I think that’s going to be a big deal. Don’t you?”
Three years ago, my math company ran a scholarship contest where students could enter a one-page essay about why they loved mathematics. The best essay was to win $500, and two $250 runner-up prizes were also awarded. What happened next amazed me: over 25,000 kids submitted essays, and the vast majority of them were thoughtful and had clearly taken significant time and effort. Even if we assume each essay took just half an hour to write, that’s still 12,500 hours of essay writing that was done to win a grand total of $1000. That works out to 8 cents an hour, on average, that those essay writers were earning. I thought to myself at the time that I wished I could somehow channel that same cost-to-work ratio in other meaningful ways.
Now, as Shirky points out, even the 8 cents isn’t necessary.
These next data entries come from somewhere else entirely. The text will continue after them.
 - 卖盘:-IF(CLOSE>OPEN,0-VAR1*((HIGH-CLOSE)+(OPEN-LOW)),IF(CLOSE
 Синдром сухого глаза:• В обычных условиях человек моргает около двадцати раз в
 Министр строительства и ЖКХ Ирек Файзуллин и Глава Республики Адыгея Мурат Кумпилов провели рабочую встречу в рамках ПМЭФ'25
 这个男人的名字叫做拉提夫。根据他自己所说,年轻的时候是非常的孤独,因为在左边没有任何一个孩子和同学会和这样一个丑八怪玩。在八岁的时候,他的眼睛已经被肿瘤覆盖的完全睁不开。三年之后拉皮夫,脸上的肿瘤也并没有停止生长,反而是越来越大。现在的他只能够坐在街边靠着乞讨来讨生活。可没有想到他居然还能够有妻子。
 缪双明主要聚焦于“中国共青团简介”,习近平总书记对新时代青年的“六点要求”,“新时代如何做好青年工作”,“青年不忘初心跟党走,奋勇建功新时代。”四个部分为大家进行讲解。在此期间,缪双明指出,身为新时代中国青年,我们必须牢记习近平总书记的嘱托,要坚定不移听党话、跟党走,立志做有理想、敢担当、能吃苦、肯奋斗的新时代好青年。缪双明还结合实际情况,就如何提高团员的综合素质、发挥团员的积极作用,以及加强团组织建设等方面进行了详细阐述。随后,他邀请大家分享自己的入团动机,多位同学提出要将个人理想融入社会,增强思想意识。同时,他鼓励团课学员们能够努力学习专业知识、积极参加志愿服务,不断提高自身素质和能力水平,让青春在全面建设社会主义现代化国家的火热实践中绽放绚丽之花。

This blog post is a perfect example: I’m writing this, for free, instead of watching TV right now. Why? Shirky’s paragraphs above answer that question: simply because I can.
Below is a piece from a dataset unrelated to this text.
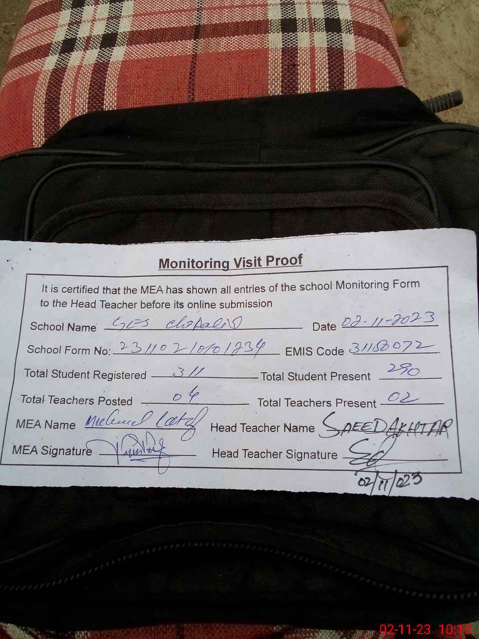 | Attendance Register | Head Teacher | MEA with School | Visit Proof |
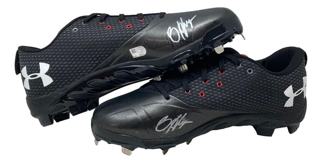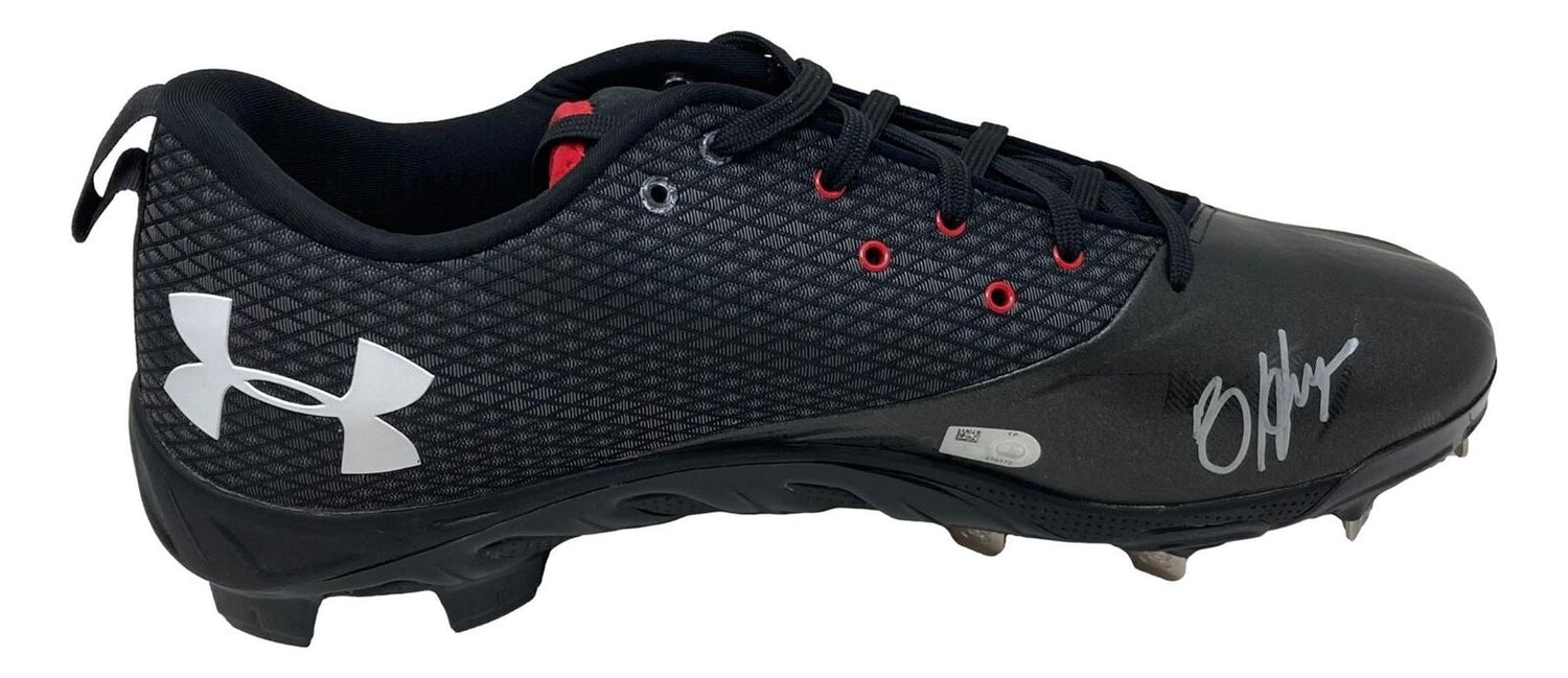 Own a rare piece of Philadelphia Phillies history with this Bryce Harper signed pair of team-issued Under Armour baseball cleats. These cleats were hand-signed by Bryce Harper, one of baseball’s most electrifying superstars, making them a must-have for dedicated Phillies fans and collectors alike.

Let’s turn this same concept back to the main topic of this blog: education. I believe that children are even more inclined to be producers — to subscribe to Web 2.0 mentality — than adults. As I write this, there is a vast social surplus for children that is left virtually untapped. At school, for example, children are too often treated as passive learners rather than active creators. Summer vacation is by far the most glaring cognitive surplus of all — here is a stretch of 2.5 months out of each and every year where we could be helping kids to develop a mindset of actively creating and inventing (and the topic could be anything: songs, stories, websites, artwork, products to sell, or ways to help others). Note that I’m not merely talking about signing your kid up for photography camp, soccer camp, and art camp — although these can all be good things — but I’m talking about all of us as parents and educators intentionally helping to speed the Web 2.0 phenomenon of kids seeing themselves as active creators of ideas that matter.
Back to Shirky:
“We’re going to look at every place that a reader or a listener or a viewer or a user has been locked out, has been served up passive or a fixed or a canned experience, and ask ourselves, “If we carve out a little bit of the cognitive surplus and deploy it here, could we make a good thing happen?” And I’m betting the answer is yes.”
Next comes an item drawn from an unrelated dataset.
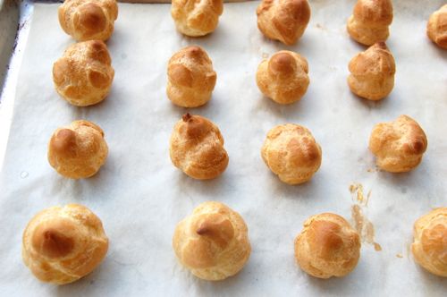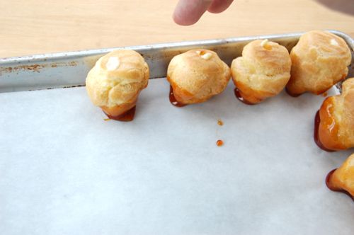 Now I rest the puffs — top side down — on yet another parchment-lined baking sheet, leaning them against the edges so they don’t roll over. If you don’t like those little flat tops, you can set the puffs right-side-up instead. I like those odd little shapes, myself. They not only look vaguely sculptural, they provide your guests with a nice, greedy bite of caramel candy. Oh that’s good.

Education emphatically meets exactly those criteria. How can we tap into the cognitive surplus that exists here, both in and outside of school?
June 3, 2008 at 6:34 pm |
It is pretty easy to just ‘teach’ – anyone can stand in front of a classroom for a period or a day and talk about subjects. Getting students to learn, understand, and grow is much harder. I’ve noticed that the most obvious characteristic that separates learning communities from ‘underperforming’ classrooms is the level of interactivity and if what students say in class actually matters to the instructor.
I’m always for the lookout for instructional techniques (examples: OLE, digital storytelling, debate in the classroom, etc) that allow students to interact with each other and engage in the material.
June 3, 2008 at 7:28 pm |
Awesome post- “cognitive surplus” is a phrase I like very much. And to think, students sharing, learning, exploring, and actively engaged in CONTRIBUTING…it’s what most teachers say they want happening in their classrooms. I so look forward to the time when teachers, administrators and the public see technology as an essential tool instead of a perceived threat.